This is not an evaluation report of a service or intervention. It does not seek to make any assessment of the effectiveness or cost effectiveness of the Forget-Me-Not reminiscence service. Instead it is a briefing report that highlights the information and data currently collected and collated to help develop a logic model and provide advice on data monitoring to encourage the project to think broadly about what may be required to assess and track its progress in the future.
It is known that the provision of high quality approaches to providing meaningful and enjoyable activities are a key part of enabling people residing in care homes to 'live well' with dementia (Department of Health, 2009).
However a recent evaluation of 17 care homes across three regions of the country, revealed that residents spent less than 13 per cent of the waking day engaged in any meaningful activity (Ballard et al, 2011). Consequently forget-Me-Not is potentially a valuable service.
Looking at the five constituencies that make up Devon, the East Devon constituency has an older age profile compared to the other districts i.e. 29.7% of the total East Devon population are aged 65 years and over (Devon County Council, 2014).
Applying 2007 prevalence rates to ONS population projections of the 65 and over population, an estimated 4,091 people are predicted to have dementia in East Devon by 2025, which represents 22.2% of the total population aged 65 and over in Devon predicted to have dementia by then (POPPI 2014).
This briefing document looks the theory underpinning Reminiscence Therapy (RT) and includes them in the logic model to understand the service delivered by the Forget-Me-Not intervention hosted by the East Devon Voluntary Services Agency (EDVSA).
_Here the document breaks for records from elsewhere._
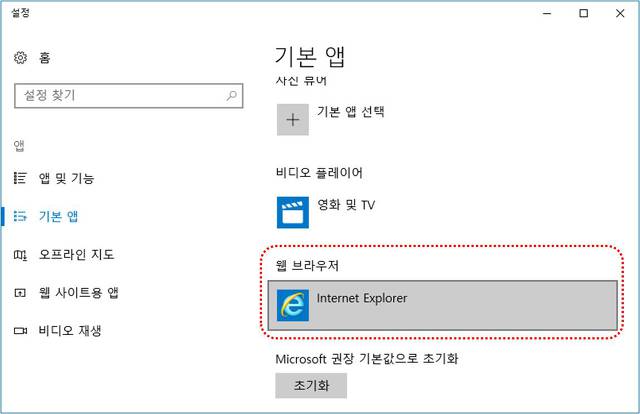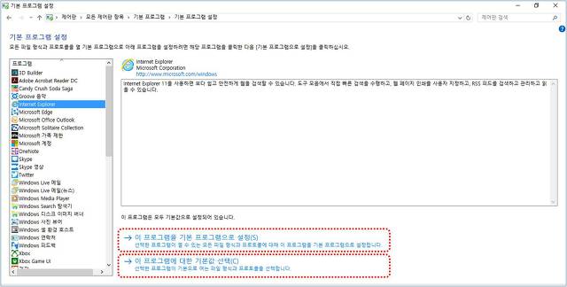 기본앱이 Internet Explorer로 변경완료
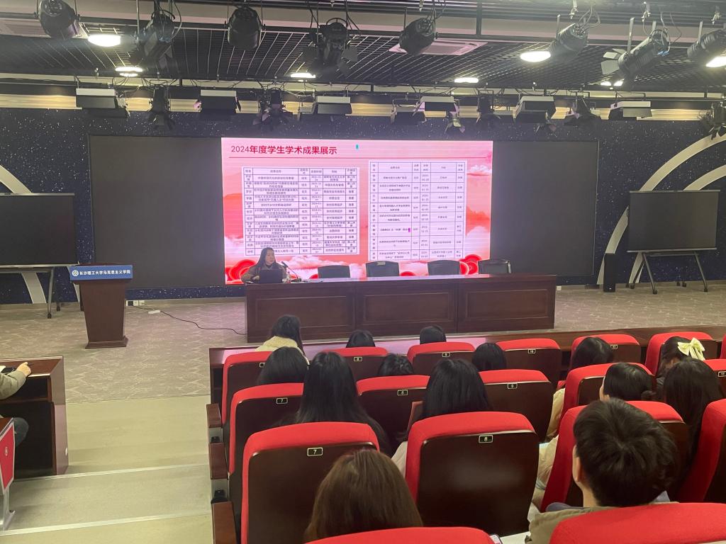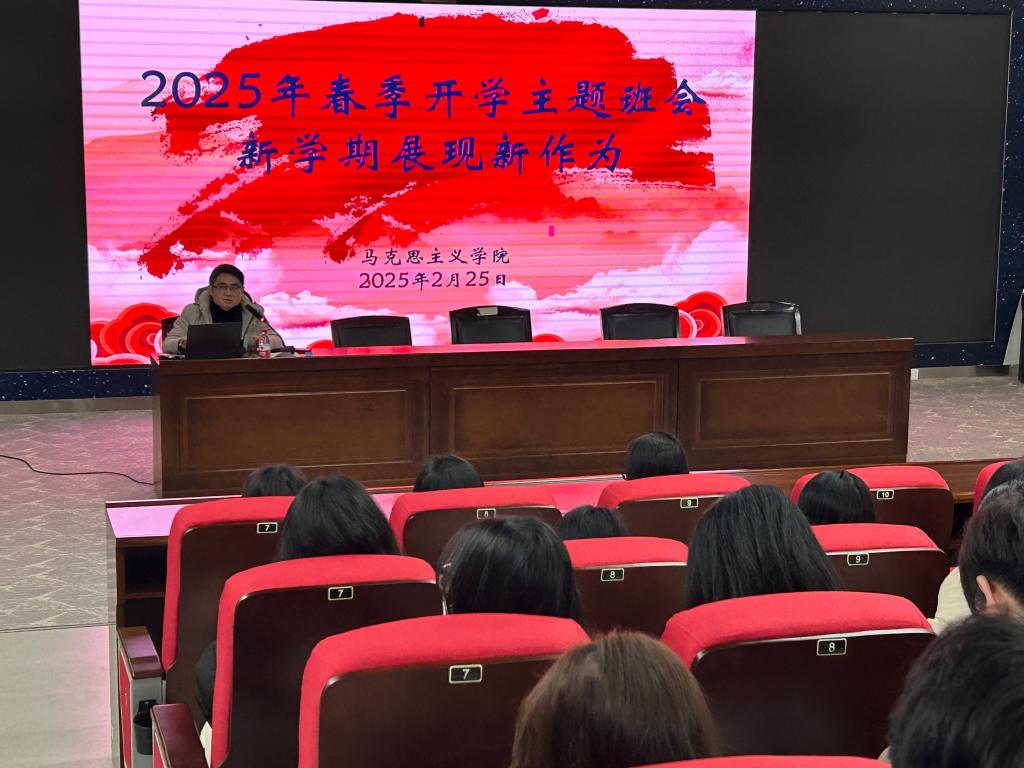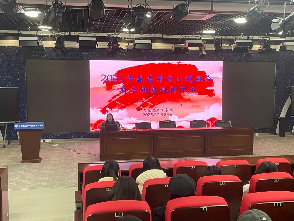 为全面学习宣传贯彻习近平总书记关于教育的重要论述和全国、全省教育大会精神,坚持立德树人根本任务,全面掌握学生思想动态,促进广大学生以良好的精神风貌投入新学期的学习生活。2025年2月25日,长沙理工大学马克思主义学院按年级分批在文科楼B300报告厅召开了春季开学主题班会。班会以“新学期展现新作为”为主题,围绕理想信念教育、学业教育、日常教育和心理健康教育四个部分展开。会议由学院学工办主任曾蓓主持,党委副书记李晓、全体研究生参加。
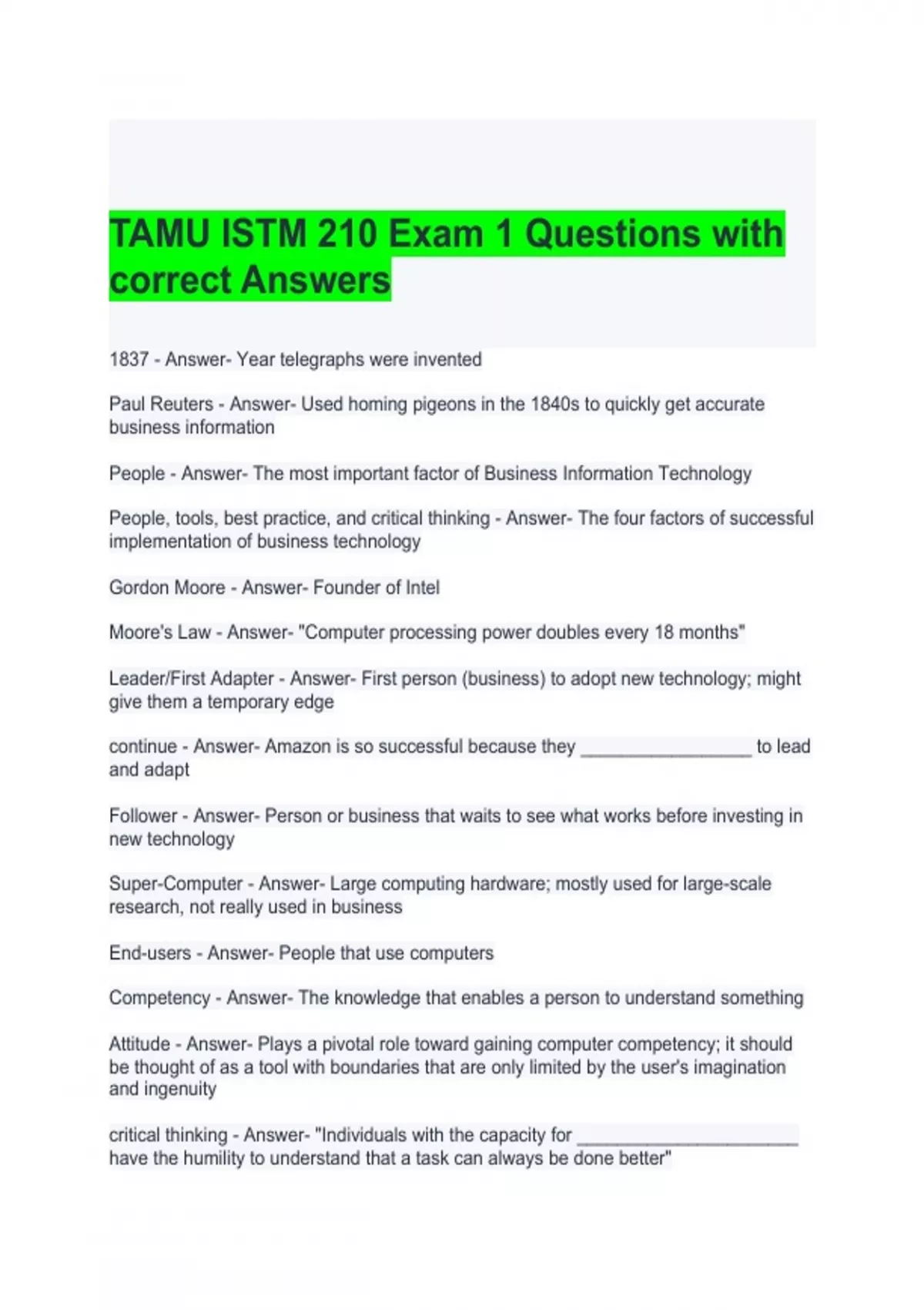 tamu istm 210 exam 1 questions with correct answer
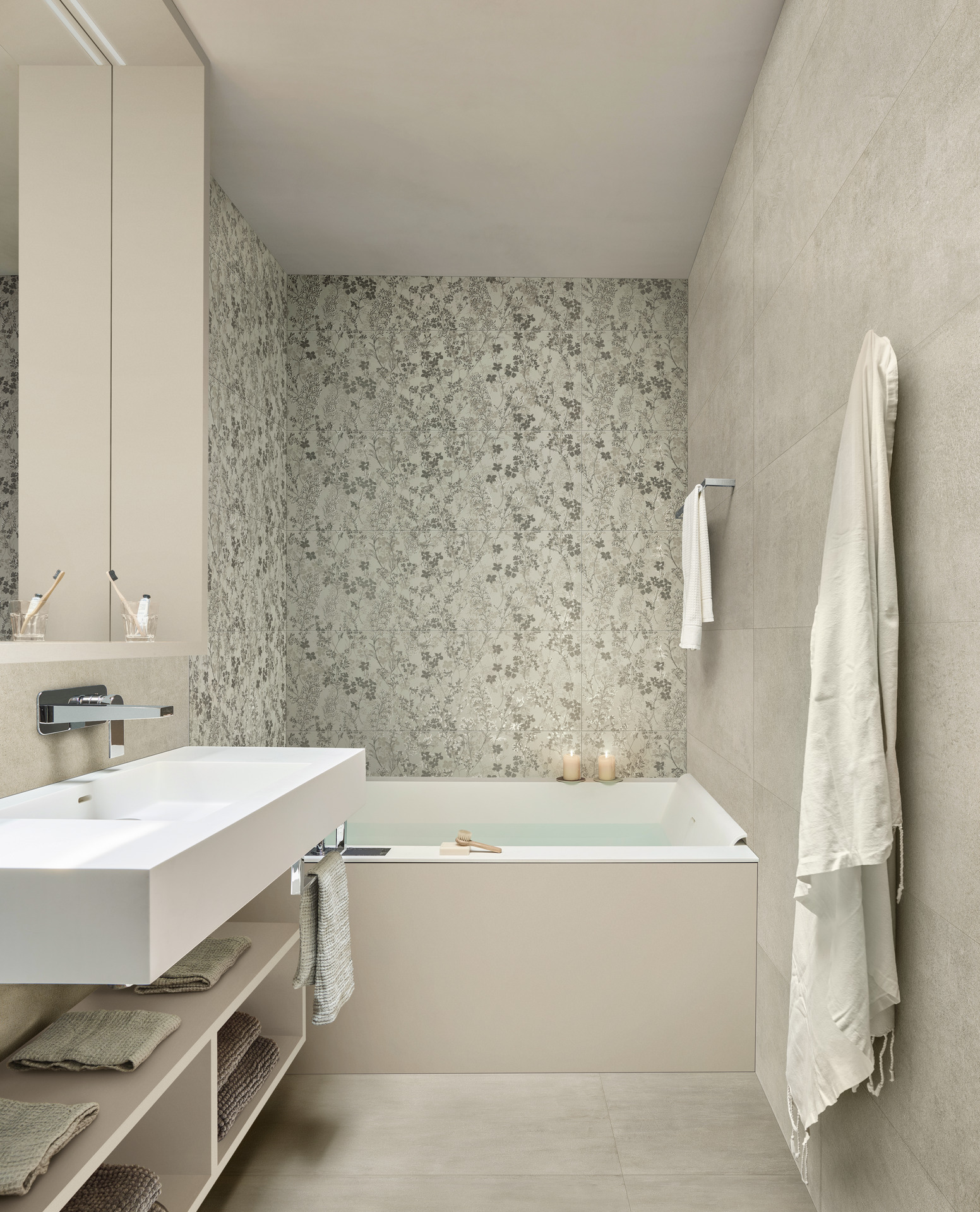 Una volta completata la pulizia, è importante risciacquare velocemente con acqua pulita, in modo da eliminare ogni residuo di prodotto. Questo semplice accorgimento consente di mantenere la brillantezza tipica del gres porcellanato e di preservare il colore naturale delle fughe, evitando ingiallimenti o aloni nel tempo.
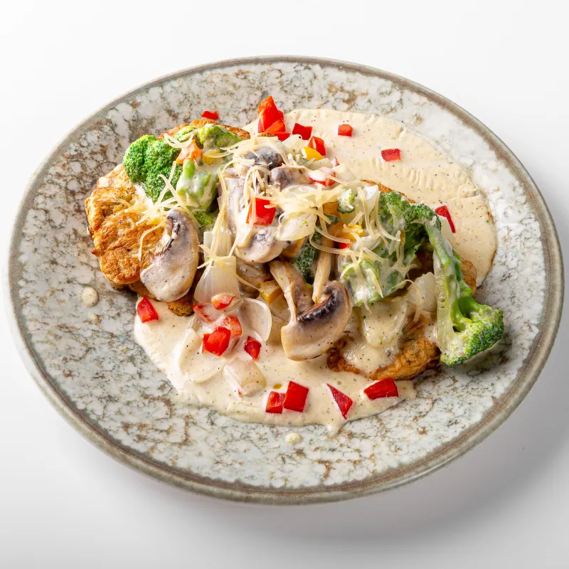 Куриное филе, яйцо, мука, майонез, грибы, перец болгарский, сливки, брокколи
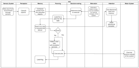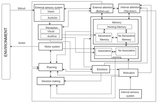 - Attention agent: In humans, this function’s goal is to use resources available in the system [55] efficiently. In our system, this agent builds an attentional template from the attentional task established. Using this template, it recovers information from memory to assist the perception, memory, planning and decision-making agents in meeting their goals efficiently.
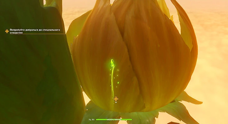 Посреди комнаты появится зеленый портал – зайдите в него. После этого вы превратитесь в росток и полетите к закрытому бутону. Когда доберетесь внутрь, заберите кусок янтаря.

Our fieldwork interviewing of stakeholders, volunteers, care co-ordinators and staff enabled us to assess and validate anticipated outcomes from the service as specified in EDVSA’s business plan (2015).
This report makes suggestions on drastically modifying the current Forget-Me-Not feedback form to make it a more effective tool to assess what was actually delivered in the sessions. Importantly: the number of attendees, the number of staff supporting and the number of volunteers in attendance need to be captured for each session. If added and inputted into the data base this will help with later unit cost analysis and will become a useful measure of quality.
In the absence of any data from existing forms it is recommended that the outcome measures included on the feedback form to be included in a one off survey of care co-ordinators and care homes to discern whether there is any further demonstrable impact on beneficiaries. These questions should not be asked at the end of each session.
Other information captured by the feedback questionnaire should be captured in a one-off enquiry at the start of the relationship with a care home/venue. The information should then inputted on to the existing care home database for later analysis. Additional demographics should also be captured at the start of the relationship with a new e.g. number of patients with dementia.
We make two suggestions for moving forward and capturing evaluation data the acceptance and pursuance of which will depend on funds available and EDVSA’s ambition.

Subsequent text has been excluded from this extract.